From the first line down to the one containing "9月27日(火)に宮崎地区秋", reproduce the entries below exactly and leave out the pictures.

Supplied data:
━━━━━━━━━━━━━━━━━━━━

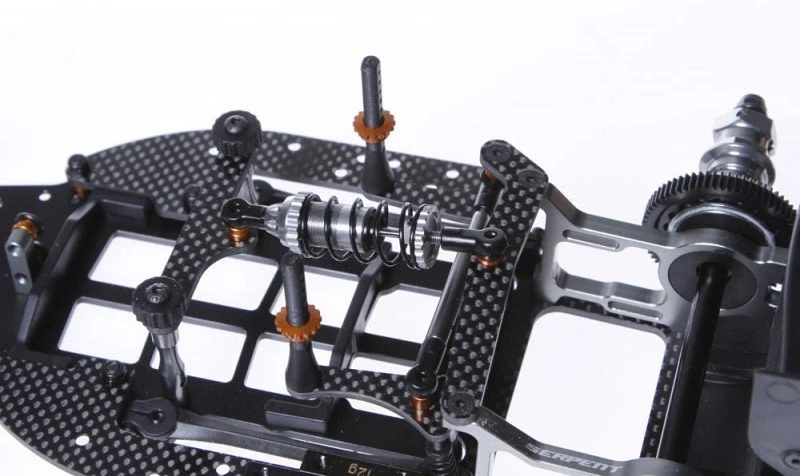 enables also easy adjustment of the rear pod droop. The shock spring is selected
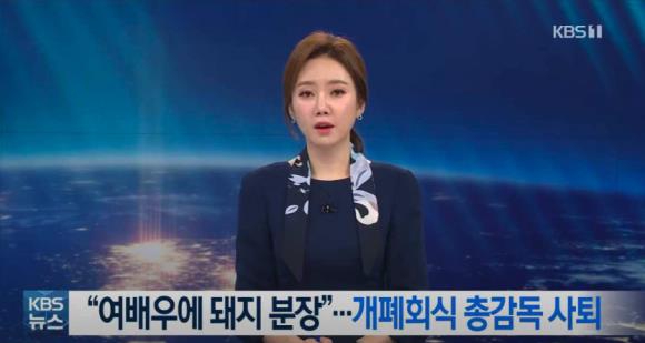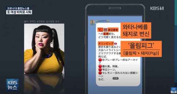 와타나베 나오미라는 일본 여배우를 돼지로 분장시켜 연기하게 한다는 개회식 연출안을 단체 채팅방에서 팀원들과 공유했다는 겁니다.
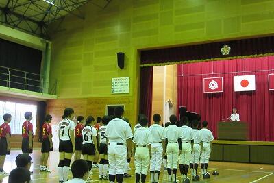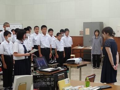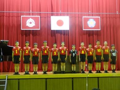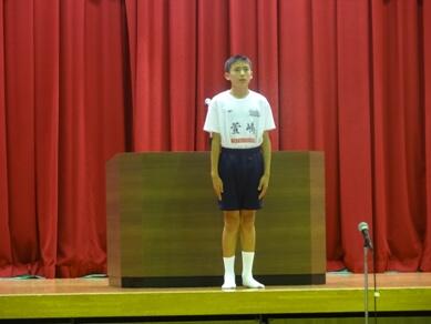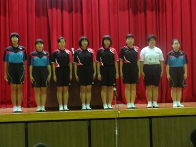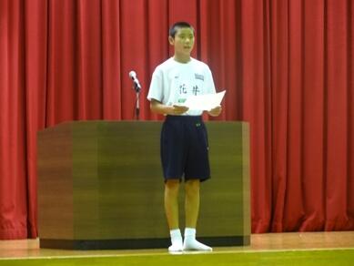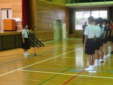 9月27日(火)に宮崎地区秋季体育大会及び県大会出場の選手激励会を実施しました。それぞれの部活動ごとに対戦相手の紹介などを行い、大会に対する抱負や決意をキャプテンが述べました。生徒会役員の激励の言葉の後、男子バレー部キャプテンが力強く選手宣誓を行いました。大会は10月1~3日の日程で行われます。新チームとして初の大舞台です。全力プレーを期待しています。
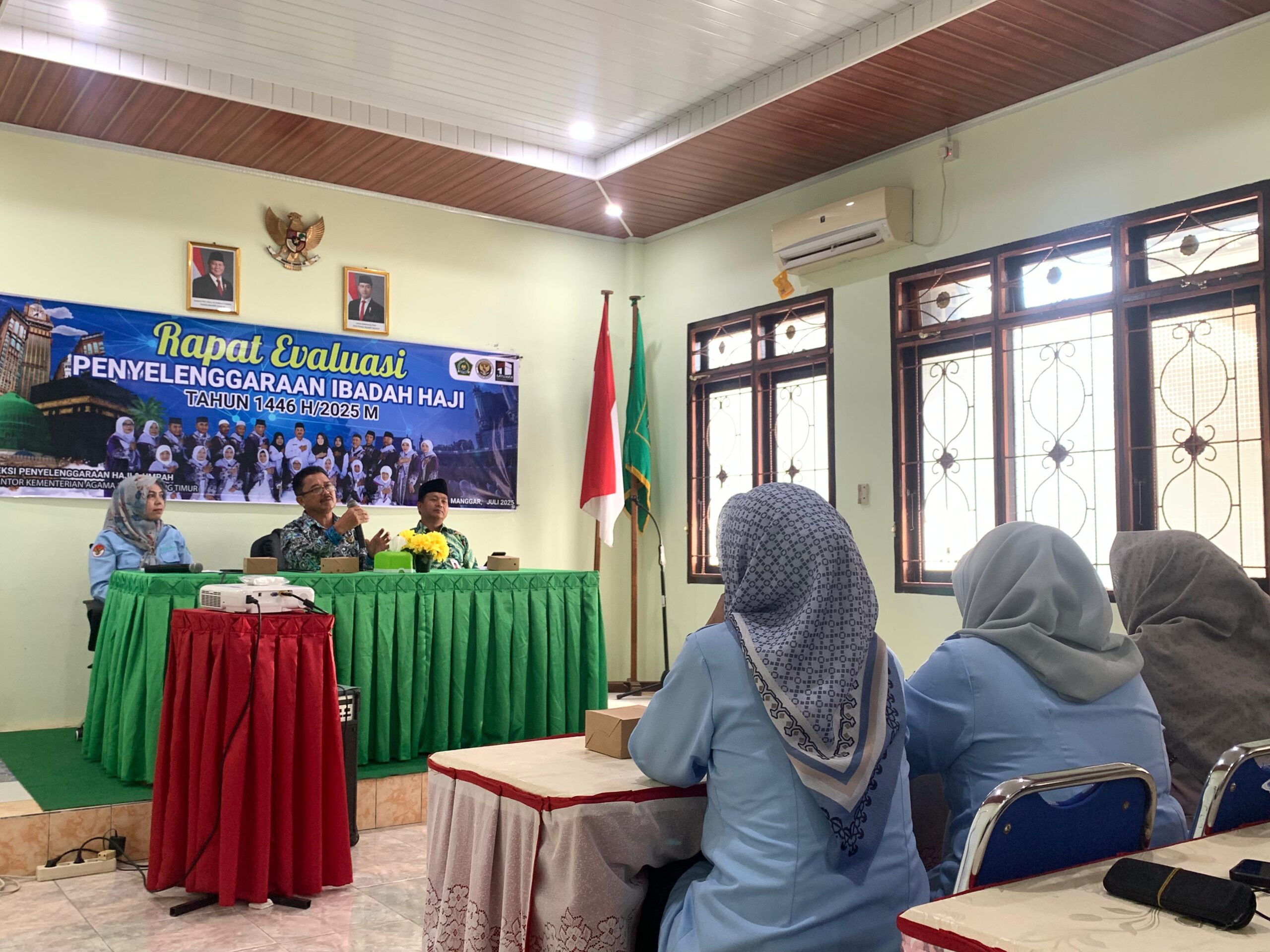 Manggar (Humas Kemenag Belitung Timur)-Kantor Kementerian Agama (Kemenag) Kabupaten Belitung Timur (Beltim) menyelenggarakan Rapat Evaluasi Penyelenggaraan Ibadah Haji Tahun 1446 Hijriah/2025 Masehi di Aula Kemenag Beltim pada Rabu, 30 Juli 2025.
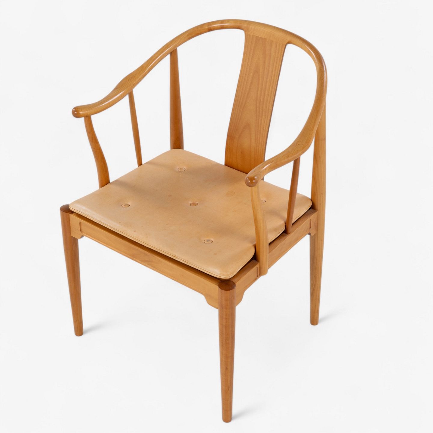 FH 4283 - Kinastol i kirsebær med hynde i patineret naturlæder. Mærket fra producent.
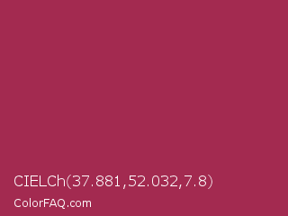 CIELCh 37.881,52.032,7.8 Color is a normal rose color and the nearest color is Amaranth Purple #ab274f. Hex code #a32a50 and RGB value is rgb(163,42,80). In RGB color space, this color is composed of 64% red, 16% green, 31% blue, In CMYK color space, this color is composed of 0% cyan, 74% magenta, 51% yellow , 36% black , In HSL color space, this color has a hue angle of 341° , 59% saturation and 40% lightness.
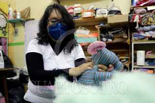 PUEBLA, PUEBLA, 18ENERO2021.- La empresa Entrapando confecciona muñecos de trapo a partir de prendas para mantener el recuerdo de un ser querido fallecido, por lo que en medio de la contingencia por Covid-19 se ha vuelto una opción para mantener el vínculo emocional con los que han partido. FOTO: MIREYA NOVO/CUARTOSCURO.COM
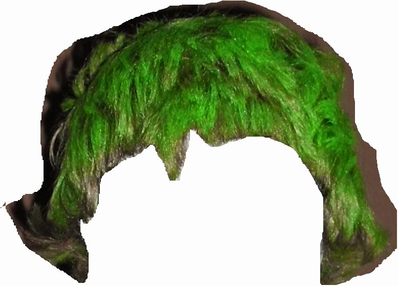 I tried a number of ways to make the wig less curly (boiling water, ironing, etc), but it just wouldn't give up its intense curl. So at the last minute I found a short, mullet-like blonde wig at a thrift store on a half-off Halloween sale for only $1.50, cut the hair to give it Captain Planet's signature front curl, and spray-painted it with green hair spray I also found at the 99 Cents Only store.
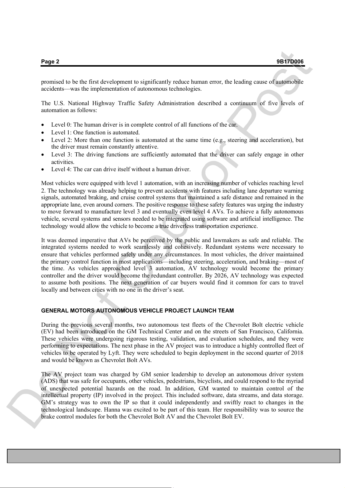 of unexpected potential hazards on the road. In addition, GM wanted to maintain control of the

━━━━━━━━━━━━━━━━━━━━

Answer section:
 enables also easy adjustment of the rear pod droop. The shock spring is selected
 와타나베 나오미라는 일본 여배우를 돼지로 분장시켜 연기하게 한다는 개회식 연출안을 단체 채팅방에서 팀원들과 공유했다는 겁니다.
 9月27日(火)に宮崎地区秋季体育大会及び県大会出場の選手激励会を実施しました。それぞれの部活動ごとに対戦相手の紹介などを行い、大会に対する抱負や決意をキャプテンが述べました。生徒会役員の激励の言葉の後、男子バレー部キャプテンが力強く選手宣誓を行いました。大会は10月1~3日の日程で行われます。新チームとして初の大舞台です。全力プレーを期待しています。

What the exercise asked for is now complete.